>>>>

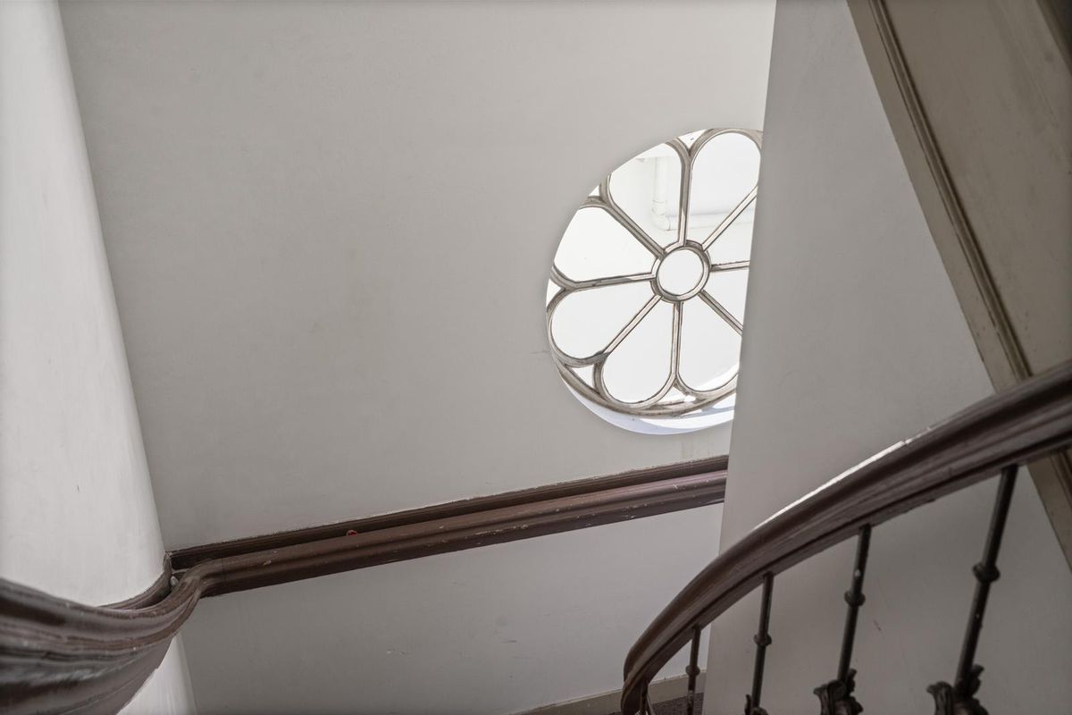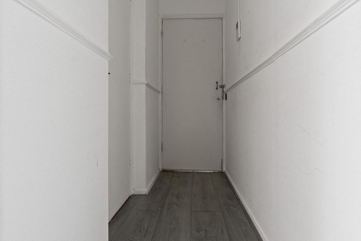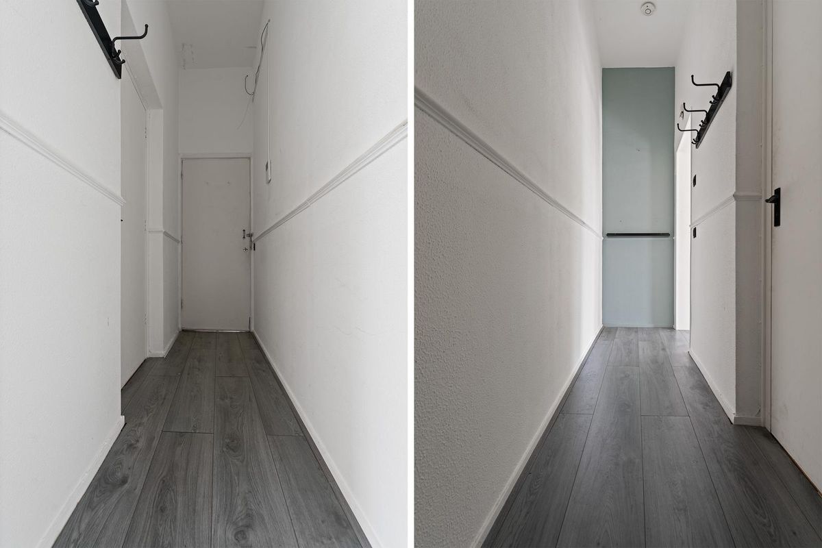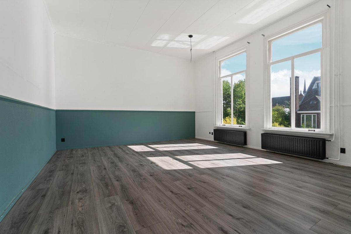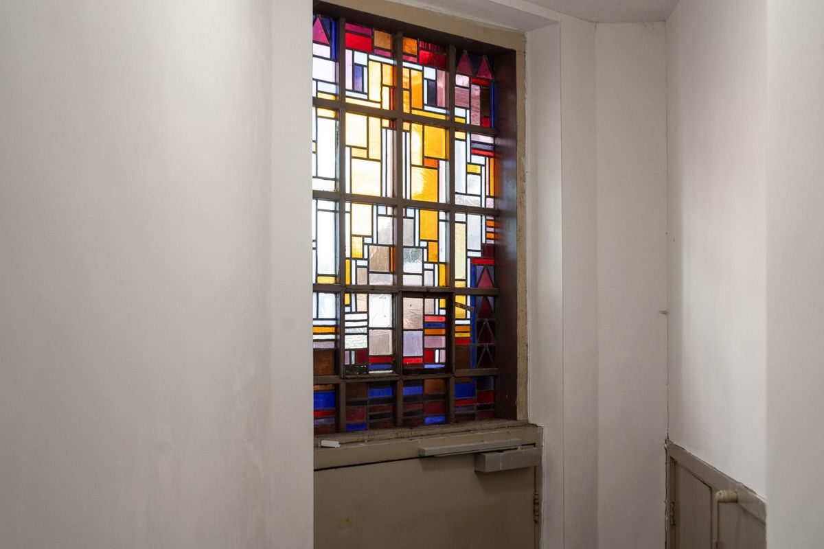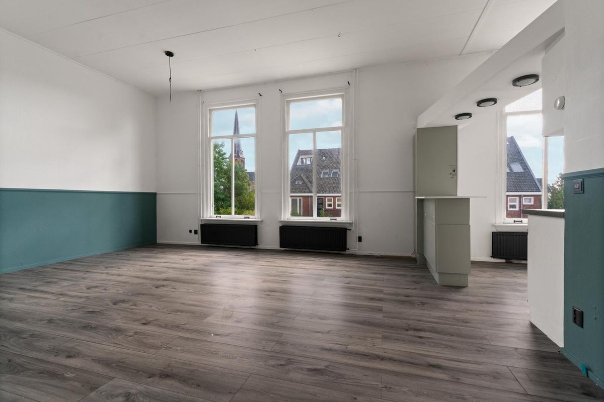 1e verdieping: hal met videofoon, deur naar badkamer/toiletruimte en de prachtige woonkamer. De woonkamer heeft authentieke schuiframen en een plafondhoogte van 3.22 m wat een heerlijk gevoel van ruimtelijkheid biedt. Er is vanuit de woonkamer zicht op de rijksmonumentale kerk Onze Lieve Vrouwe Visitatie in de Emmastraat.
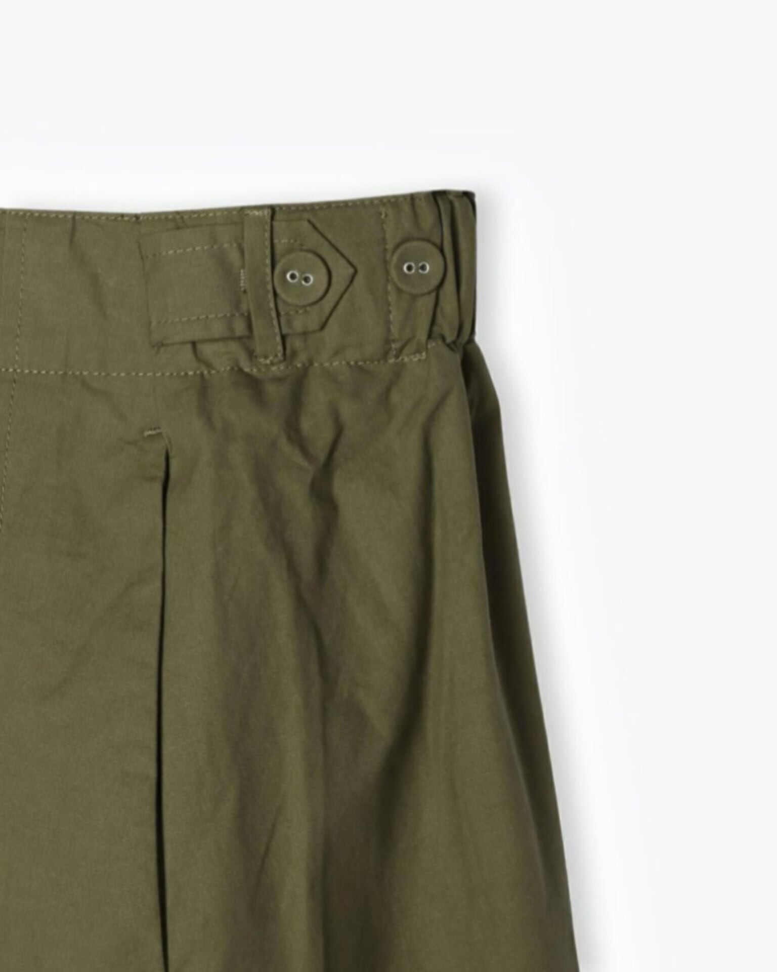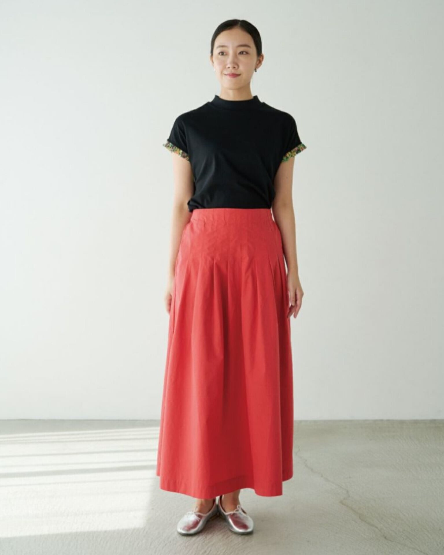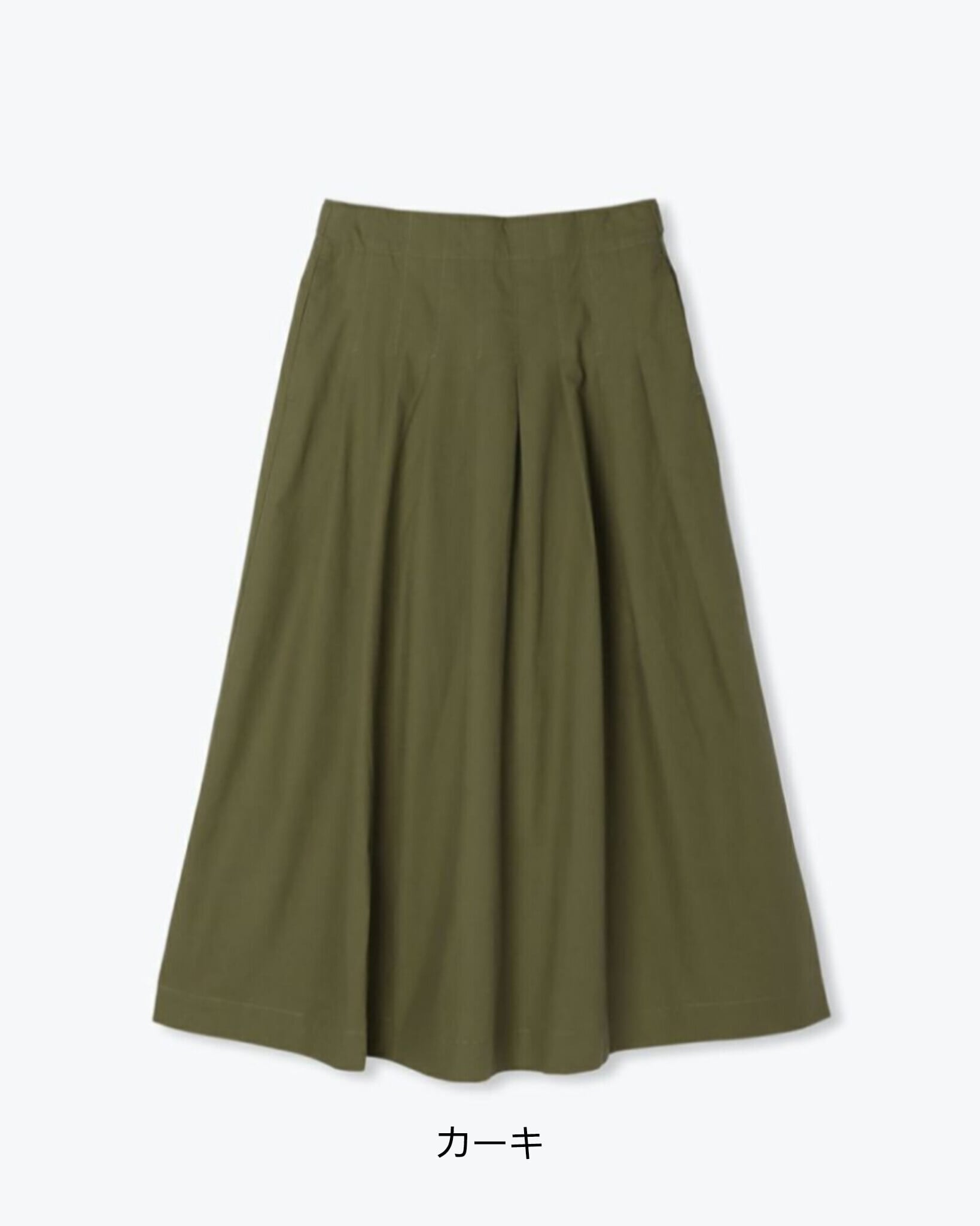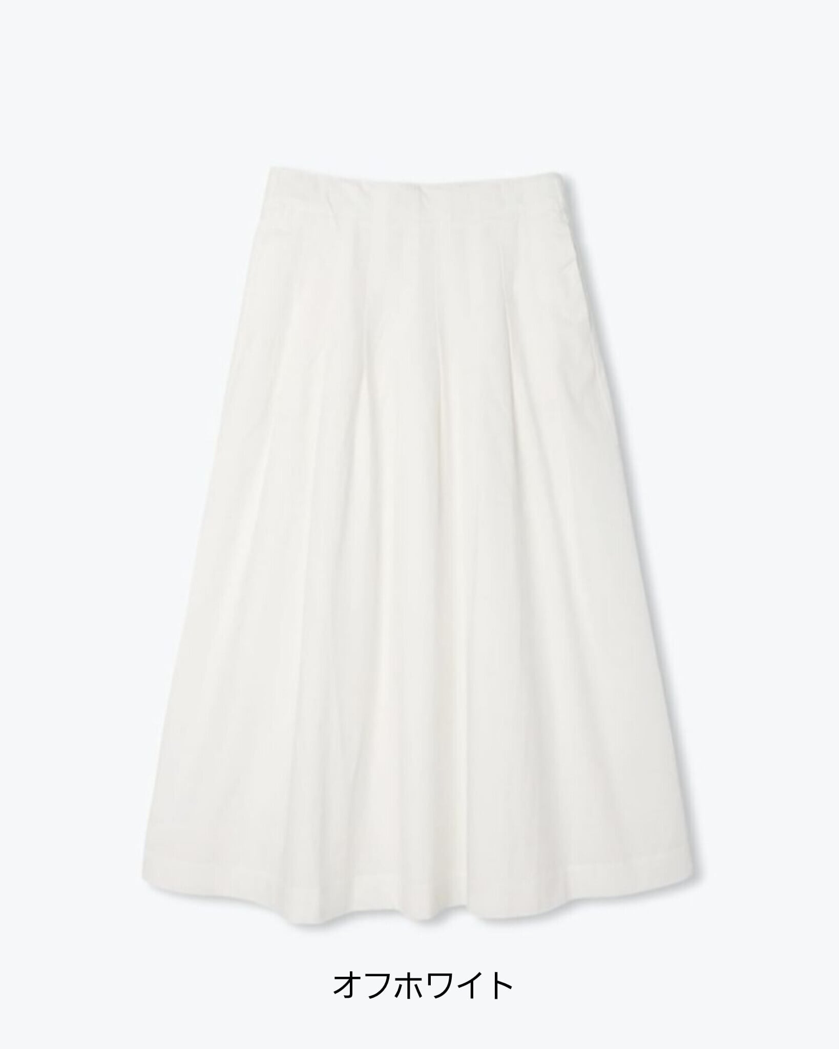 フロントのタックプリーツでウエスト周りのボリュームが抑えられるので、腰張りが気になる方もすっきりときれいに着ていただけます
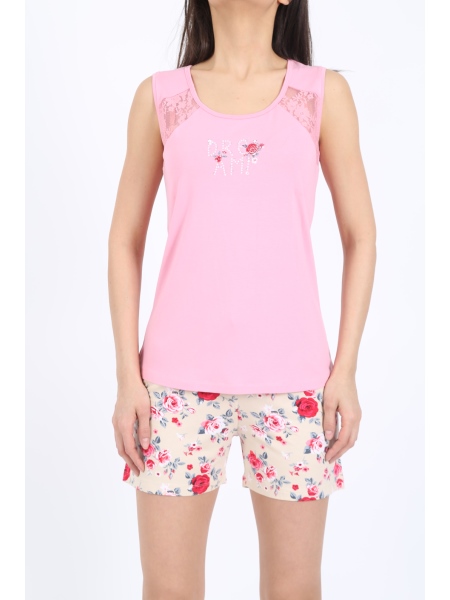 BAYAN VORTEKS BİSİKLET YAKA ROBASI DANTELLİ KOLSUZ ŞORT TK - 5020264623
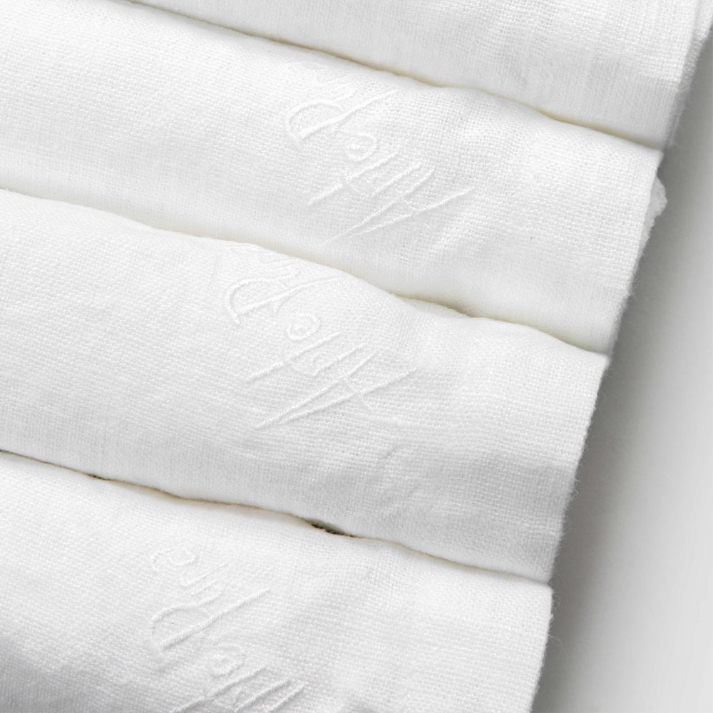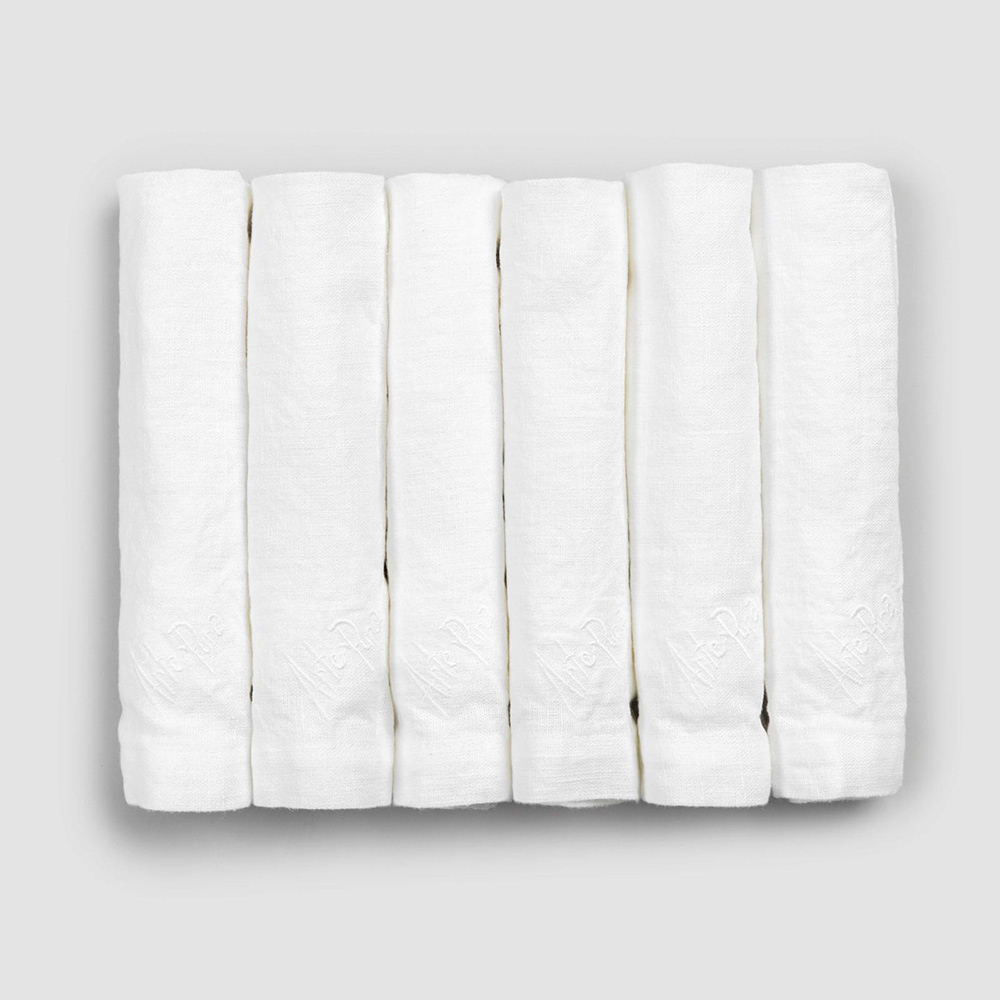 service de 6 serviettes en lin blanc épais avec bord plié.

<<<<

● TO DO:
Print all of the data exactly, and do not carry over any pictures.

● RESPONSE BOX:
 1e verdieping: hal met videofoon, deur naar badkamer/toiletruimte en de prachtige woonkamer. De woonkamer heeft authentieke schuiframen en een plafondhoogte van 3.22 m wat een heerlijk gevoel van ruimtelijkheid biedt. Er is vanuit de woonkamer zicht op de rijksmonumentale kerk Onze Lieve Vrouwe Visitatie in de Emmastraat.
 フロントのタックプリーツでウエスト周りのボリュームが抑えられるので、腰張りが気になる方もすっきりときれいに着ていただけます
 BAYAN VORTEKS BİSİKLET YAKA ROBASI DANTELLİ KOLSUZ ŞORT TK - 5020264623
 service de 6 serviettes en lin blanc épais avec bord plié.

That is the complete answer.